Change, in general, indicates any act of making something different. The factors that necessitate change in organizations are broadly categorized into people, technology, information processing and communication, and competition. Some changes in the organization occur suddenly without the conscious efforts of the people. These are called unplanned changes. On the other hand, some changes are initiated by the management to accomplish certain goals and objectives. These are called planned changes. More often, change is met with resistance.
The resistance can be implicit (or covert) or explicit (or overt). Resistance to change can be classified into individual resistance and organizational resistance. Individuals resist change because they consider it as a threat to their habits, security and economic conditions. Organizational resistance occurs mainly because of structural inertia, group inertia, and fear of losing power, expertise or control over resources.
To overcome resistance to change, management can educate employees, involve employees in change decisions, go for negotiation, manipulation, co-optation and coercion. Lewin 's three-step model is one approach to manage planned change. The model suggests that organizations can bring permanent changes in employee behavior by making them unlearn old behaviors and work procedures.

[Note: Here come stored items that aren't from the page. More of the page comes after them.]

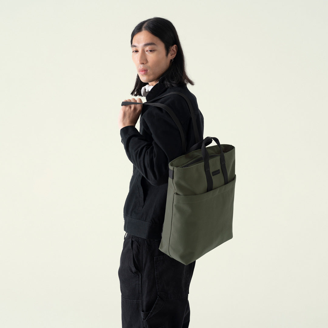 As flexible as your everyday life: Nolan is a tote and backpack in one. Whether carried in your hand, classically on your shoulder, or practically on your back, this multifunctional space miracle adapts to your style. The zipper protects the spacious interior, which has practical compartments for your smartphone, wallet and water bottle. And if you need a little more, a large outer pocket provides additional storage space.
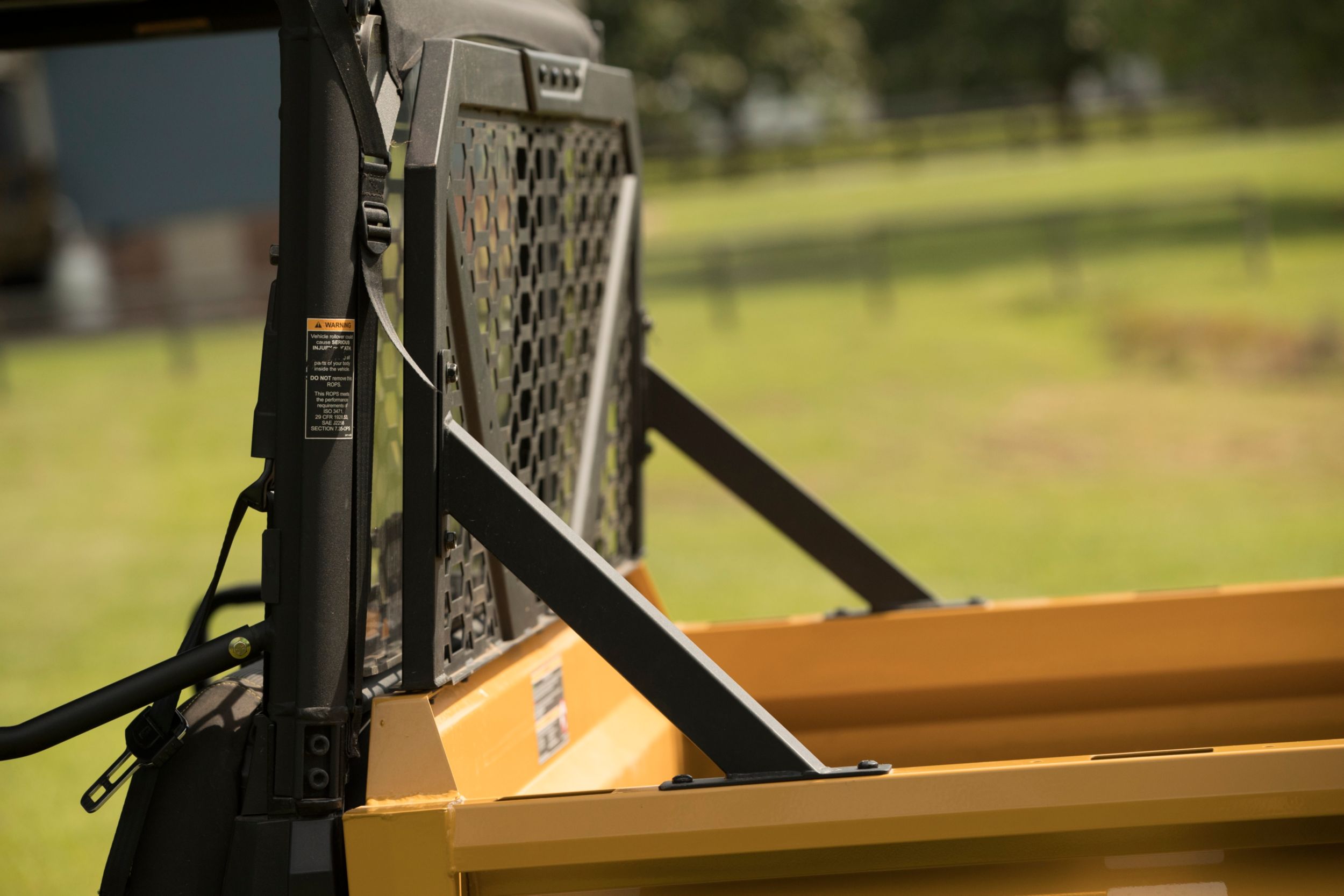 Protects rear window and operator environment from cargo in the bed.
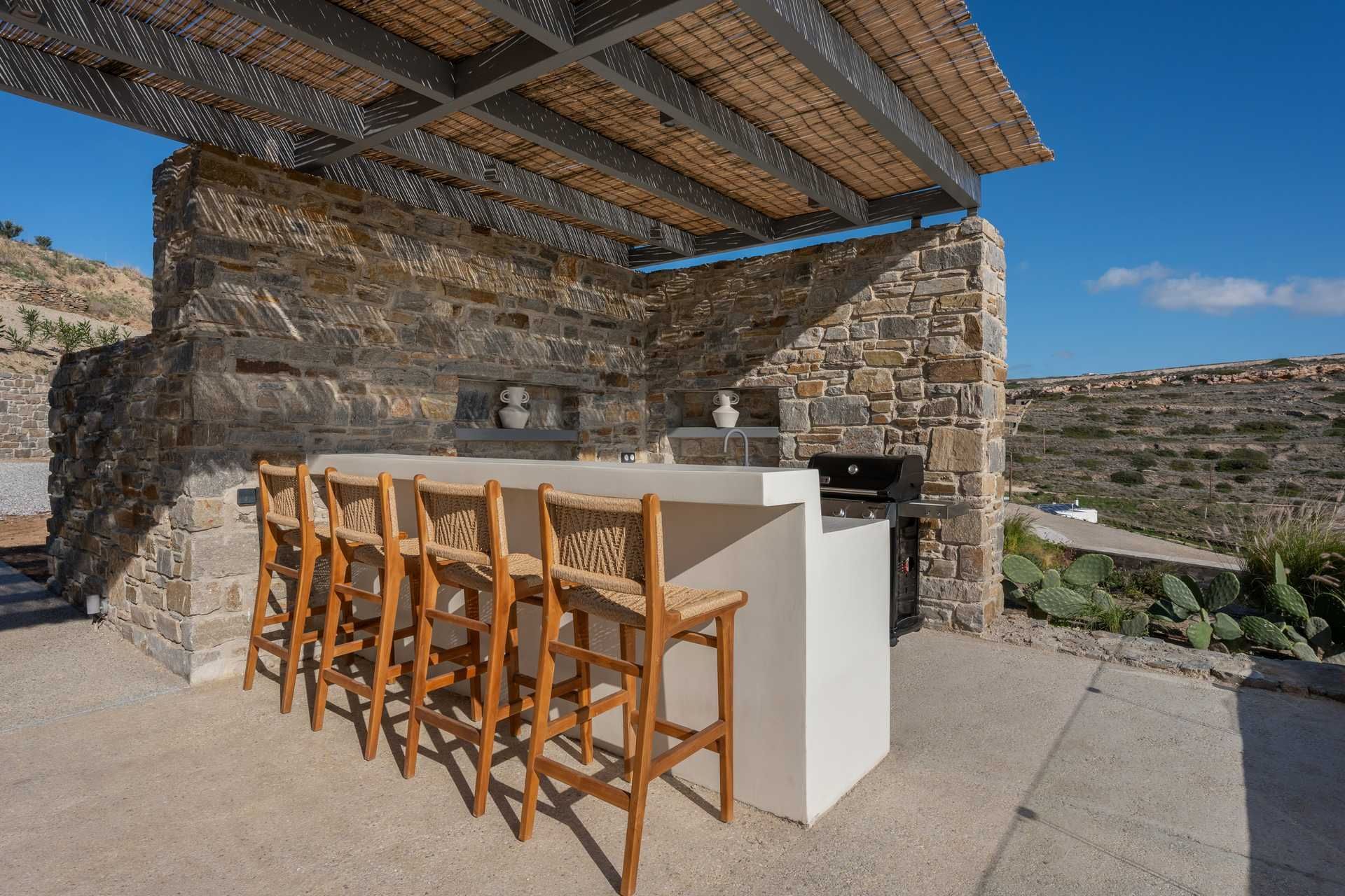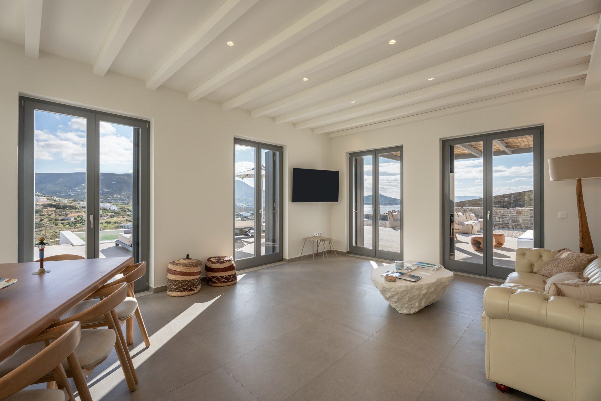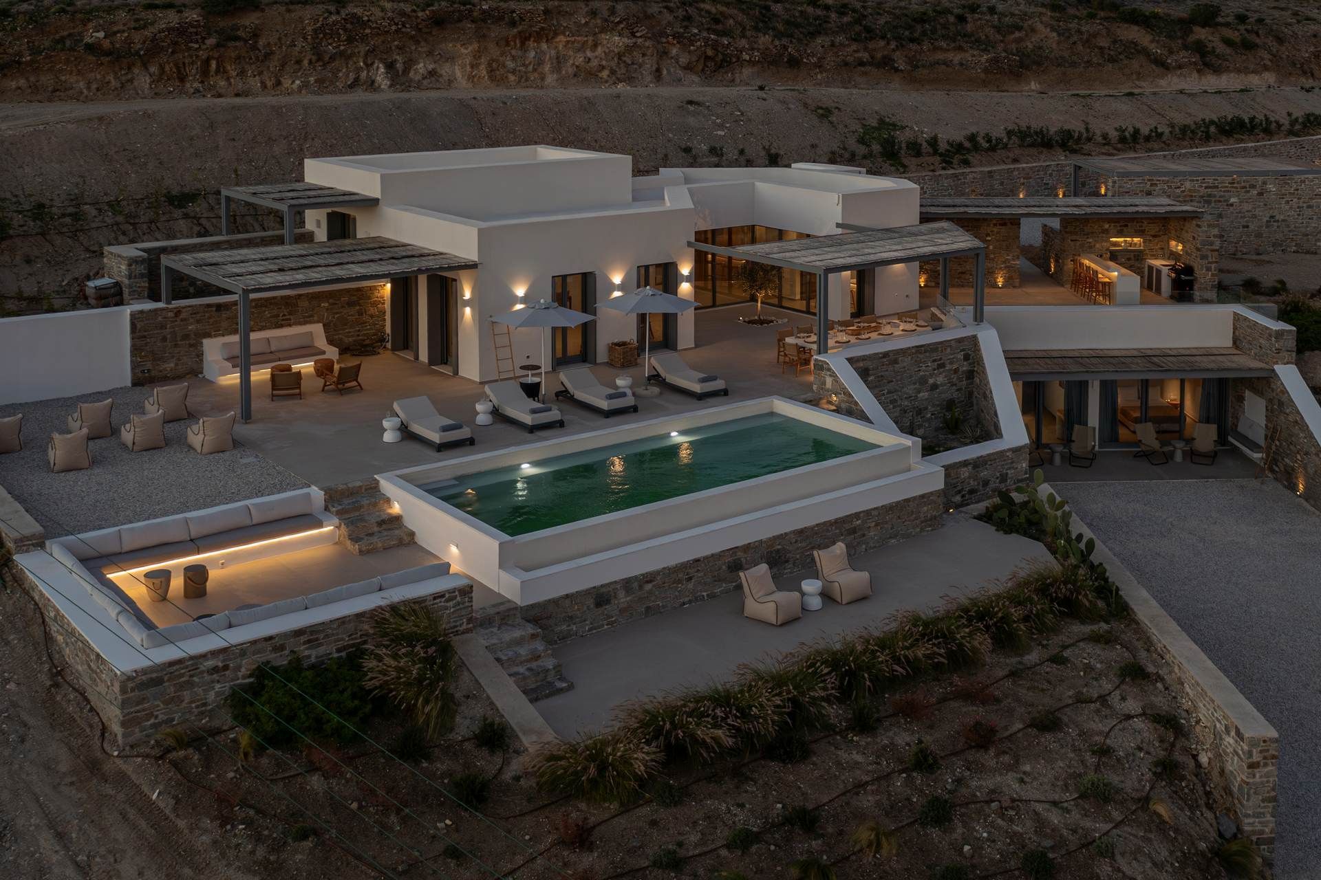 Set in the hills near Parikia, Cyclamen is a modern Paros villa with a broad, sunlit outlook over the sea and the island’s softer landscape. The property hosts up to twelve guests across five ensuites and a flexible living space that can easily become an additional bedroom, making it especially appealing for groups who want comfort, privacy and style. Between the views, the outdoor living, and the easy drive to nearby beaches, the whole experience feels relaxed from the start.
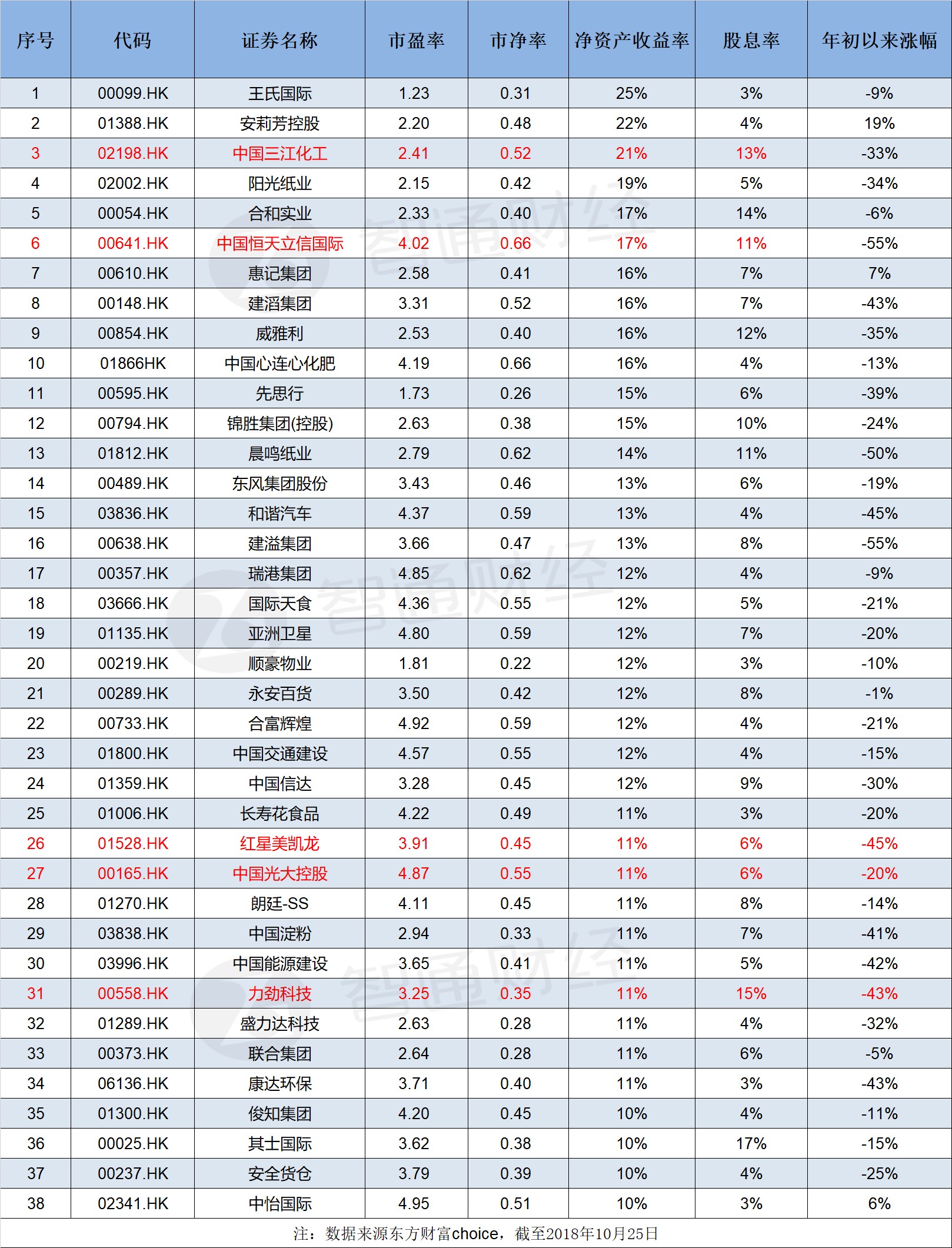 圖表顯示,截止2018年10月25日,從ROE指標(biāo)來看,指標(biāo)比較居前的公司有安莉芳(01388)、中國三江化工(02198)、合和實(shí)業(yè)(00054)。其中,中國三江化工為ROE及股息率雙高個(gè)股。

Modern organizations emphasize on innovation and learning to cope with changes in the business environment and stay ahead of competition. The different sources of innovation include change in awareness due to acquisition of new knowledge, changing perceptions of people, demographic changes, rapid changes in industry and market structure, imperfect processes, incongruity between reality and expectation and unexpected happenings. Organizations need to be committed to change and innovation and change their structure and culture to facilitate continuous learning of employees.